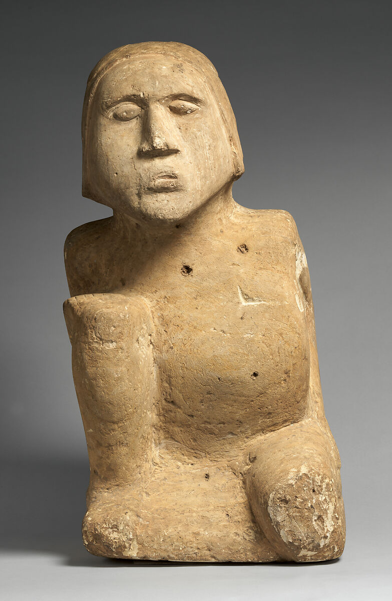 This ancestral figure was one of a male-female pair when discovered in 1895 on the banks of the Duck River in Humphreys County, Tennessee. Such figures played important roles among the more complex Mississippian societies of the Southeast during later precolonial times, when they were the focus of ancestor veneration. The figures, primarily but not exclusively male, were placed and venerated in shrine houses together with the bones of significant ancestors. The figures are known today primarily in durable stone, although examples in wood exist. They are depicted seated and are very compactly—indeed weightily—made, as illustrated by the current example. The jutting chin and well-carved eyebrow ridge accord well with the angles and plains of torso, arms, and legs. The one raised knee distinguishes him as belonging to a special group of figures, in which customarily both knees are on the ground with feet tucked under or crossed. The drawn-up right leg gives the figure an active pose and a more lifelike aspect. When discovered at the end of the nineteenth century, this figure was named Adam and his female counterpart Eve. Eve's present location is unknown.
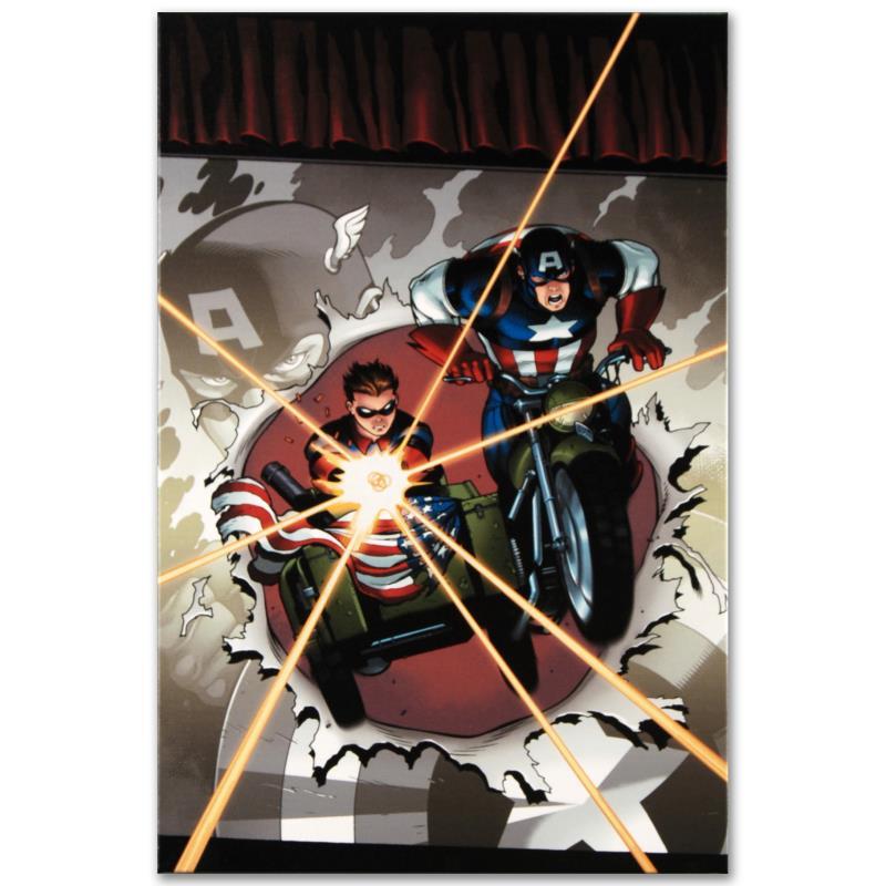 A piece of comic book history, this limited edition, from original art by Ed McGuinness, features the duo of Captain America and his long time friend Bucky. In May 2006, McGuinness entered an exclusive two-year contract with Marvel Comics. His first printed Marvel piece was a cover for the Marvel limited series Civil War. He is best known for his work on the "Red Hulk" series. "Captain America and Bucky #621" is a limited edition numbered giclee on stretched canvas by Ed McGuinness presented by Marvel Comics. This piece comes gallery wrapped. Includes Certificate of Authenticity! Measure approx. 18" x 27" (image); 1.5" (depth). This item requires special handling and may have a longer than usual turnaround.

···

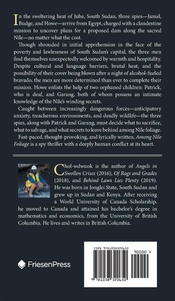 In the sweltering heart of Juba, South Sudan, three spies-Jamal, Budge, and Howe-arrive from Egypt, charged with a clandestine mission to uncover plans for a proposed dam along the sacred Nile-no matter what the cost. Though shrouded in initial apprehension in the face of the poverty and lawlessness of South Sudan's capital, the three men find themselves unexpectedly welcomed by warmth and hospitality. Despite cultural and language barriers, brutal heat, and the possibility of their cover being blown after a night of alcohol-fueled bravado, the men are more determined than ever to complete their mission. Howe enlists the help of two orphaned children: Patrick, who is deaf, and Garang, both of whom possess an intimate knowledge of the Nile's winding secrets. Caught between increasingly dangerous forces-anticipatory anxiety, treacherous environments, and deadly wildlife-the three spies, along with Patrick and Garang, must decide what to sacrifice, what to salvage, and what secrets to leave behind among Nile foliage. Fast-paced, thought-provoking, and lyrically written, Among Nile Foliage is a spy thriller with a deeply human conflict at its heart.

···

In the listing above, find the line containing "This ancestral figure" and the line containing "A piece of comic", then output those two lines and everything between them exactly as written, without the images.

 This ancestral figure was one of a male-female pair when discovered in 1895 on the banks of the Duck River in Humphreys County, Tennessee. Such figures played important roles among the more complex Mississippian societies of the Southeast during later precolonial times, when they were the focus of ancestor veneration. The figures, primarily but not exclusively male, were placed and venerated in shrine houses together with the bones of significant ancestors. The figures are known today primarily in durable stone, although examples in wood exist. They are depicted seated and are very compactly—indeed weightily—made, as illustrated by the current example. The jutting chin and well-carved eyebrow ridge accord well with the angles and plains of torso, arms, and legs. The one raised knee distinguishes him as belonging to a special group of figures, in which customarily both knees are on the ground with feet tucked under or crossed. The drawn-up right leg gives the figure an active pose and a more lifelike aspect. When discovered at the end of the nineteenth century, this figure was named Adam and his female counterpart Eve. Eve's present location is unknown.
 A piece of comic book history, this limited edition, from original art by Ed McGuinness, features the duo of Captain America and his long time friend Bucky. In May 2006, McGuinness entered an exclusive two-year contract with Marvel Comics. His first printed Marvel piece was a cover for the Marvel limited series Civil War. He is best known for his work on the "Red Hulk" series. "Captain America and Bucky #621" is a limited edition numbered giclee on stretched canvas by Ed McGuinness presented by Marvel Comics. This piece comes gallery wrapped. Includes Certificate of Authenticity! Measure approx. 18" x 27" (image); 1.5" (depth). This item requires special handling and may have a longer than usual turnaround.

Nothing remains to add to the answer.